Additionally, a Biden administration will likely lean more towards France’s interests (and thus the Franco Alliance) than President Trump; while also not overemphasizing weakening Iran’s Tehran Faction at any cost, as Trump’s inner circle did. The implications would be that the US could join France in stopping Turkey from destabilizing Egypt via the Muslim Brotherhood (perhaps by listing them as a Foreign Terrorist Organization), support France’s actions to eliminate Boko Haram in Africa (who Turkey could use as a proxy force), and morally stand with French President Emmanuel Macron against Erdogan’s attempts to weaponize the issue of Charlie Hebdo cartoons.

Other ways the US under Biden could support the Franco Alliance would be upholding international maritime law by rejecting Turkey’s absurd “Blue Homeland” doctrine, forcing Turkey to stop shipping Syrian mercenaries with cargo ships of weapons to Libya, and supporting the European Court of Human Rights ruling that the Kurdish politician Selahattin Demirtas should be released from Turkish prison.

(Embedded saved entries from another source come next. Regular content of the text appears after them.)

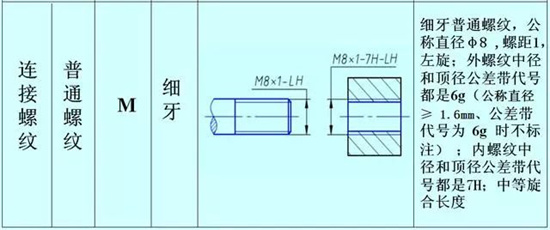 左旋時(shí)標(biāo)注LH,右旋時(shí)不標(biāo)注。例如:M10―7H―L ―LH 為左旋螺紋,M10―7H―L 為右旋螺紋。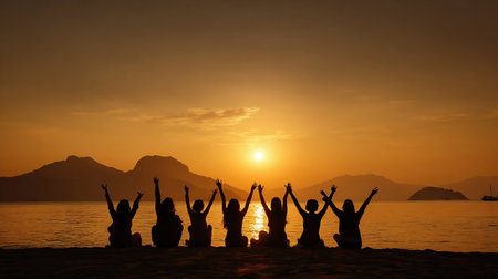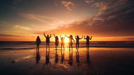 Photograph of group silhouette jumping up on the beach, golden hour, AI Generated.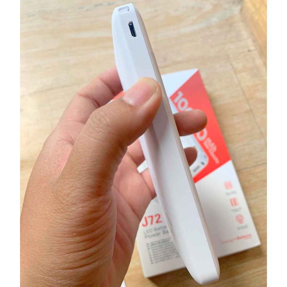 - Sạc dự phòng Hoco J72 dung lượng 10000mAh, công suất tiêu thụ khi sạc đạt 70%, có thể sạc đầy từ 2-2,5 lần cho điện thoại dung lượng pin 3000mAh (như iPhone XS Max hoặc Samsung S10 Plus) khoảng 4 lần cho dòng máy pin dưới 2000 mAh như Iphone 6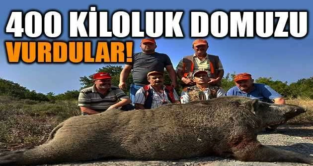 Bursa'da köylüler tarlarına ve meyve bahçelerine zarar veren 400 kiloluk domuzu avladı.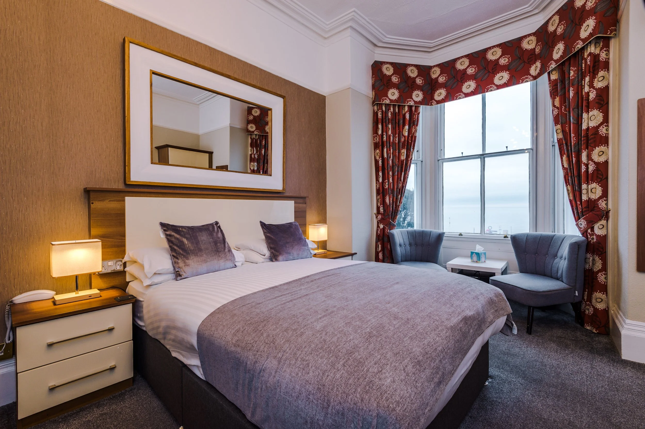 Hotellet erbjuder både standardrum mot baksidan och större och mindre rum med havsutsikt mot framsidan. Varje rum är utrustat med moderna bekvämligheter såsom TV, Wi-Fi, lyxiga toalettartiklar och te- och kaffebricka.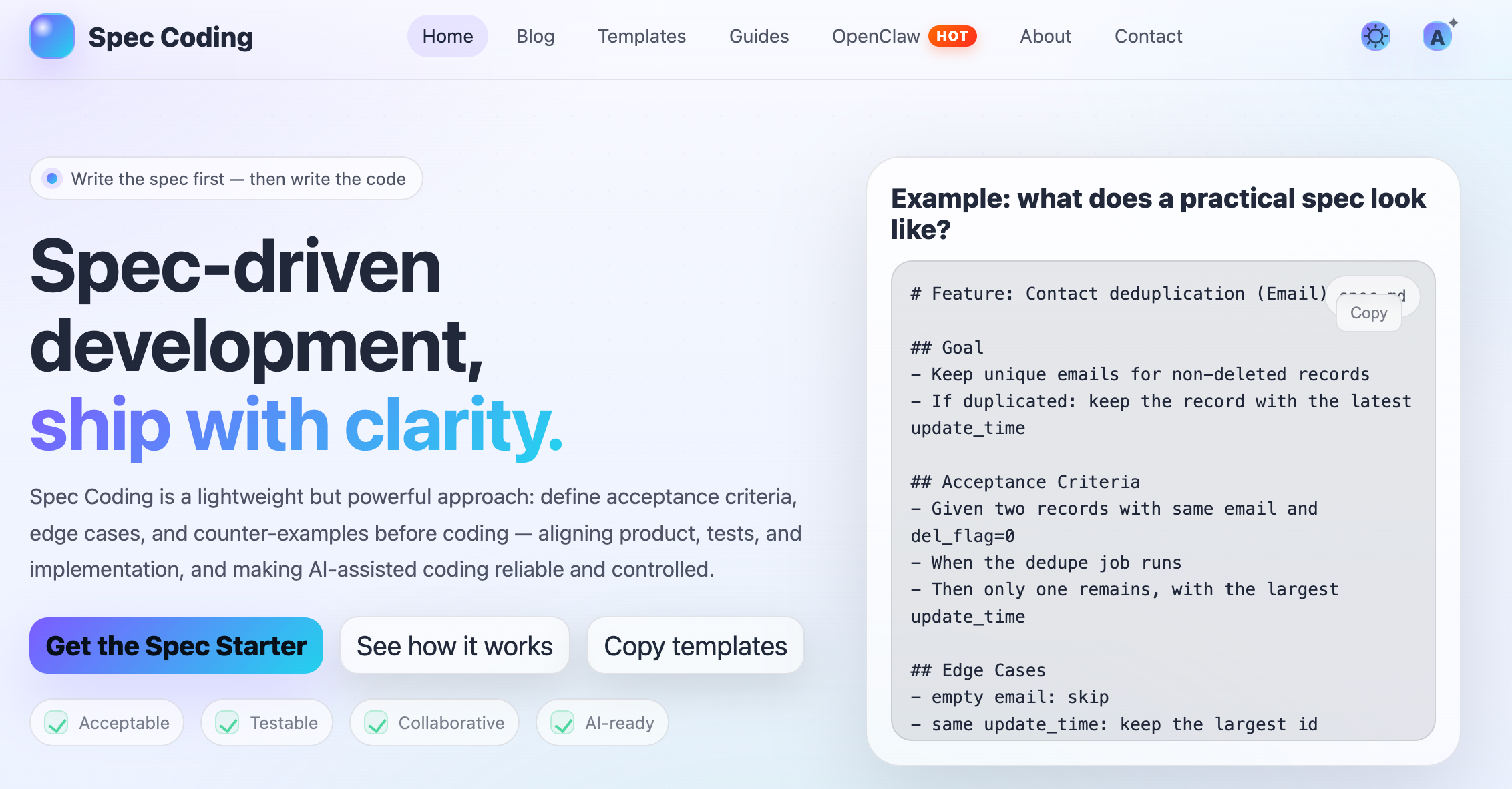 Spec Coding是一个Spec-first AI 编码网站,提供功能、API、数据库模板与基于规范的开发流程。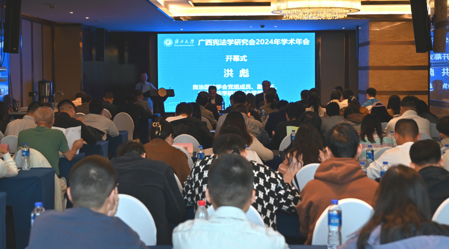 2024年11月23日,广西宪法学研究会2024年学术年会在南宁举行。本次年会由广西宪法学研究会主办,伟德体育承办。广西宪法学研究会会长、Bevictor伟德教授蒋超主持开幕式。自治区法学会党组成员、副会长、自治区法学研究行业党委书记洪彪,伟德体育经理许光耀教授参加会议并致辞。
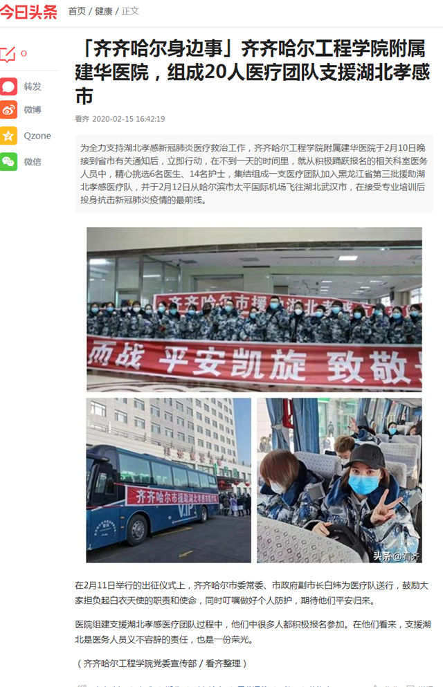 今日头条《齐齐哈尔身边事》:j9在线附属建华医院,组成20人医疗团队支援湖北孝感市

Unfortunately, regardless of what happens, it is almost guaranteed that the swirl of conflict will continue and likely even increase throughout the Middle East and Eastern Mediterranean. Which is the real tragedy, as the birthplace of civilization with millennia of rich cultural history and contributions to humanity deserves so much better than being a chessboard for geopolitical war games, a profitable testing site for the world’s arms dealers, and a playground for maniacal tyrants who order more wars while safe in their mansions.